Velocity of an object with varying mass

[Nasa123123]

Homework Statement

I am working on a problem where a box is moving on a frictionless surface with velocity v0, and is gaining mass by the rate of dm/dt = a. There are no external forces working on the box. The problem is to find an expression for the velocity as a function of time as the mass increases. The rate of change in mass is just given as «a» and I interpret this as it is not supposed to be a variable in the differential equation.

Relevant Equations

F = ma = m dP/dt = m dv/dt

I have tried several things but I am a little uncertain if I’m thinking right so a little hint goes a long way. I think I have to use the law of conservation of momentum as the collision between the raindrops and the box is inelastic. But I am unsure how to set up the equation.

 

[scottdave]

Instead of m * (dv / dt) try this:
d(m*v) / dt.

When mass is constant, they are equivalent. What does your problem say about external forces?

 

[Nasa123123]

Instead of m * (dv / dt) try this:
d(m*v) / dt.

When mass is constant, they are equivalent. What does your problem say about external forces?

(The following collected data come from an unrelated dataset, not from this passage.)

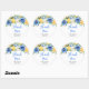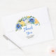 Ce sticker de remerciement de mariage magnifique et élégant présente des fleurs bleu, jaune et blanc à l'aquarelle avec feuillage. Le texte combine écriture manuscrite et polices serif pour un look élégant et moderne. Il est parfait pour un mariage rustique de printemps ou d'été.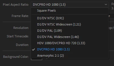 2. 정사각형 치수를 입력하였으나, 직사각형으로 보이는 문제 - 컴포지션 설정에서 픽셀 종횡비를 Square Pixel로 변경해보세요. 종횡비 1.5로 되어 있는 것 같습니다.
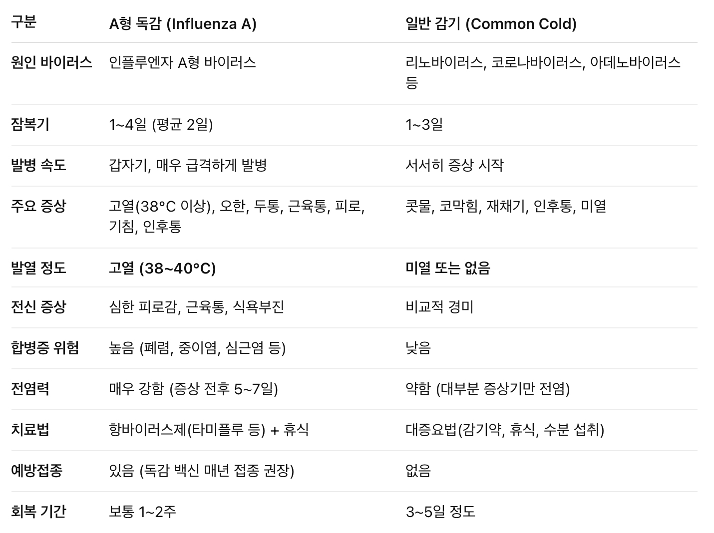 🧬 A형 독감 vs 일반 감기 비교표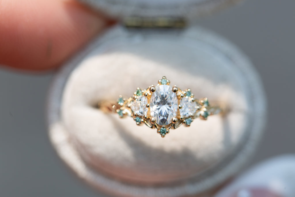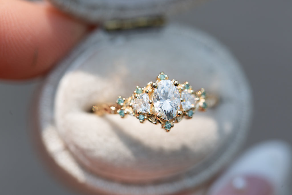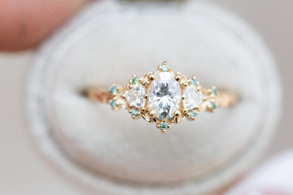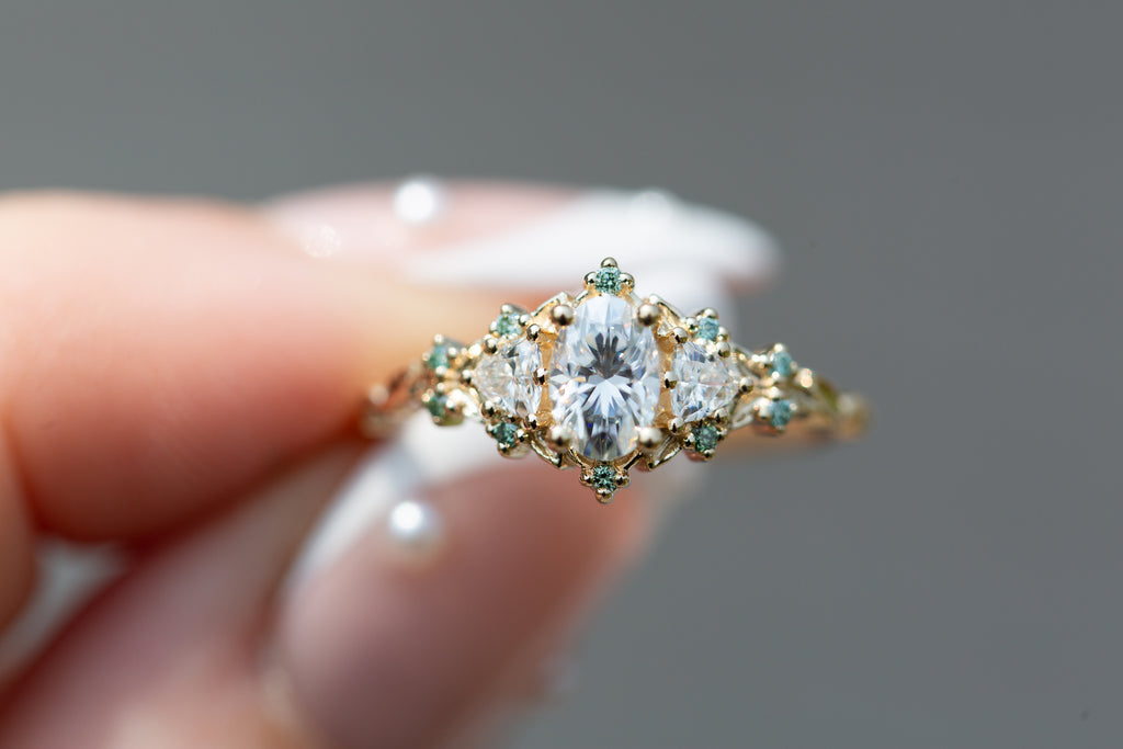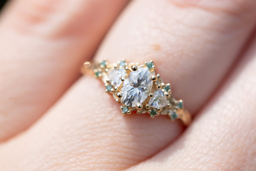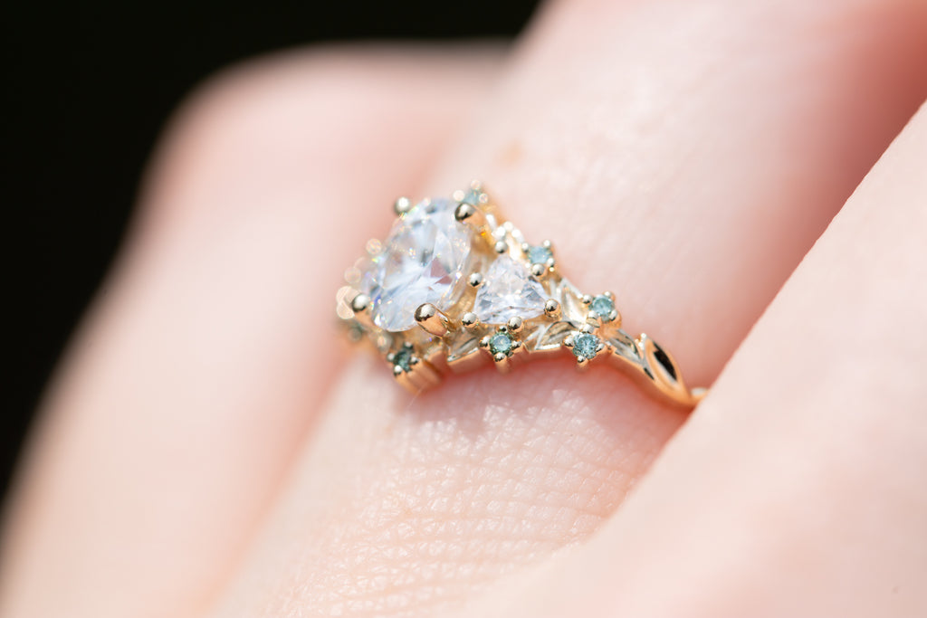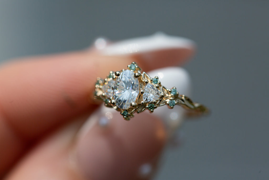 - 1mm mint irradiated diamond accent stones placed along the leaves

There are no external forces working on the box.

 

[haruspex]

d(m*v) / dt

Ummm... I wage a personal war against using that to encompass a varying mass (and I'm not alone).
In the real world, the mass of a closed system does not change. If the mass is increasing it is coming from somewhere else, and it does so with its own momentum. Using d(mv)/dt happens to work if that momentum is zero in the reference frame.
In the present case, it seems these are raindrops, and I would guess they arrive with a velocity normal to that of the box (@Nasa123123 , please confirm). So you would get away with it in this case.

 

[Nasa123123]

Ummm... I wage a personal war against using that to encompass a varying mass (and I'm not alone).
In the real world, the mass of a closed system does not change. If the mass is increasing it is coming from somewhere else, and it does so with its own momentum. Using d(mv)/dt happens to work if that momentum is zero in the reference frame.
In the present case, it seems these are raindrops, and I would guess they arrive with a velocity normal to that of the box (@Nasa123123 , please confirm). So you would get away with it in this case.

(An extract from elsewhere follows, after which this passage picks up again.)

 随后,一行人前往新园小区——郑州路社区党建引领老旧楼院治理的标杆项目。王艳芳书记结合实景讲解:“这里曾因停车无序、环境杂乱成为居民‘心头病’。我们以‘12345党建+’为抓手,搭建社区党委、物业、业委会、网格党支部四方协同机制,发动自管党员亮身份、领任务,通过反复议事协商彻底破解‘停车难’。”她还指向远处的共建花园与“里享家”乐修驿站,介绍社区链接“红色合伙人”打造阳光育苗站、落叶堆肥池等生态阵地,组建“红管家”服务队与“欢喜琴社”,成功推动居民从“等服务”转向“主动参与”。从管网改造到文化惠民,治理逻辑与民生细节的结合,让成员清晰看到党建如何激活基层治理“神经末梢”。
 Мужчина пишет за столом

Yes, the raindrops are falling vertically from the sky with no impact from wind or other forces.

 

[haruspex]

Yes, the raindrops are falling vertically from the sky with no impact from wind or other forces.

As I wrote, you can use @scottdave's equation because the raindrops bring no horizontal momentum with them.
A more rigorous approach is to consider the horizontal momentum of the box+rain system. This is conserved, so the rate at which the rain gains momentum equals the rate at which the (dry) box loses it.

 

[Orodruin]

Ummm... I wage a personal war against using that to encompass a varying mass (and I'm not alone).
In the real world, the mass of a closed system does not change. If the mass is increasing it is coming from somewhere else, and it does so with its own momentum. Using d(mv)/dt happens to work if that momentum is zero in the reference frame.

I support your cause! If one used d(mv)/dt=0 blindly one would build very poor rockets.